Part 3: Testing The classifier: 
Now that we have the `logprior` and `loglikelihood`, we can test the naive bayes function by making predicting on some tweets!

#### Implement `naive_bayes_predict`
**Instructions**:
Implement the `naive_bayes_predict` function to make predictions on tweets.
* The function takes in the `tweet`, `logprior`, `loglikelihood`.
* It returns the probability that the tweet belongs to the positive or negative class.
* For each tweet, sum up loglikelihoods of each word in the tweet.
* Also add the logprior to this sum to get the predicted sentiment of that tweet.

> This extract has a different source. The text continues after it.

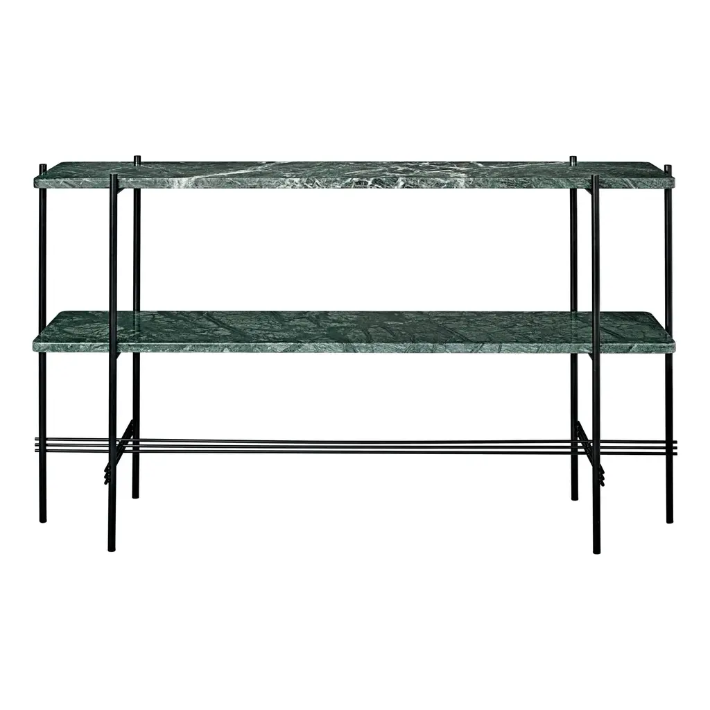 Copenhagen's Gubi does a design double take with this version of its elegant TS Console. Two shelf surfaces in either sumptuous marble or richly hued solid glass combine storage with high style in a framework of black or brass-finish steel. As a standout media center, dining room sideboard or resting spot for art volumes and other treasures, the console by design duo GamFratesi is gorgeously scaled to suit a variety of settings.

$$ p = logprior + \sum_i^N (loglikelihood_i)$$

#### Note
Note we calculate the prior from the training data, and that the training data is evenly split between positive and negative labels (4000 positive and 4000 negative tweets).  This means that the ratio of positive to negative 1, and the logprior is 0.

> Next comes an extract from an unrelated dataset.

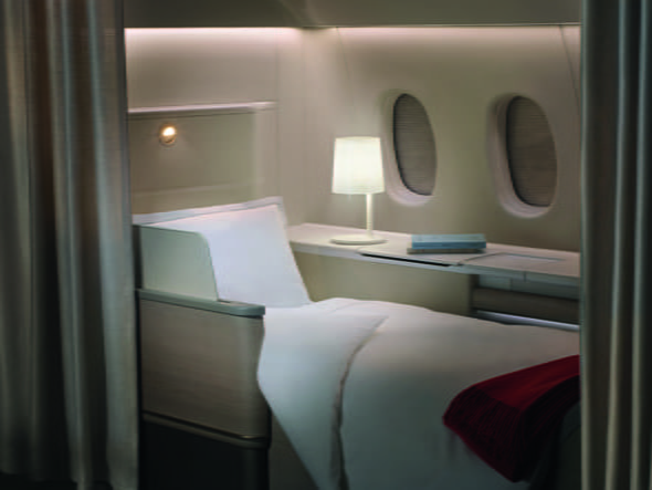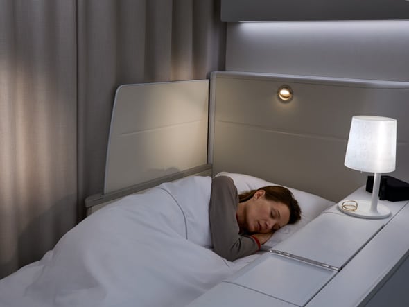 Spatiul cabinei este usor ajustabil, putand fi folosit ca dormitor dar si ca mini-lounge, restaurant sau zona de lucru. Pasagerii pot alege intre intimitatea maxima a unui spatiu de 3mp, tragand draperiile cu care sunt echipate apartamentele sau pot invita un alt pasager pe otomanul asezat in fata scaunului.
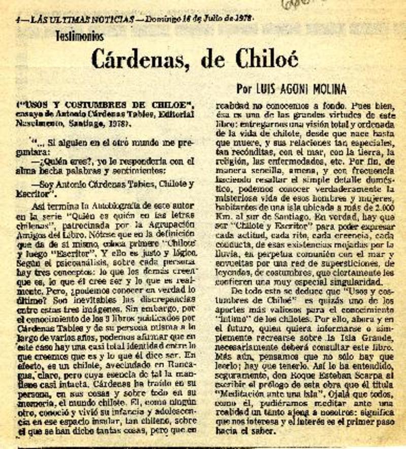 Cárdenas, de Chiloé [artículo] Luis Agoni Molina.

The value of 0.0 means that when we add the logprior to the log likelihood, we're just adding zero to the log likelihood.  However, please remember to include the logprior, because whenever the data is not perfectly balanced, the logprior will be a non-zero value.

In [322]:
def naive_bayes_predict(tweet, logprior, loglikelihood):
    '''
    Input:
        tweet: a string
        logprior: a number
        loglikelihood: a dictionary of words mapping to numbers
    Output:
        p: the sum of all the logliklihoods of each word in the tweet (if found in the dictionary) + logprior (a number)
    '''
    word_l = process_tweet(tweet) #tokenizing the tweet and processing

    p = 0  # initialize probability to zero
    p += logprior # add the logprior

    for word in word_l:
        if word in loglikelihood:   # check if the word exists in the loglikelihood dictionary
            p += loglikelihood[word] # add the log likelihood of that word to the probability
    return p

In [323]:
loglikelihood['smile'], loglikelihood['joy'], loglikelihood['fun']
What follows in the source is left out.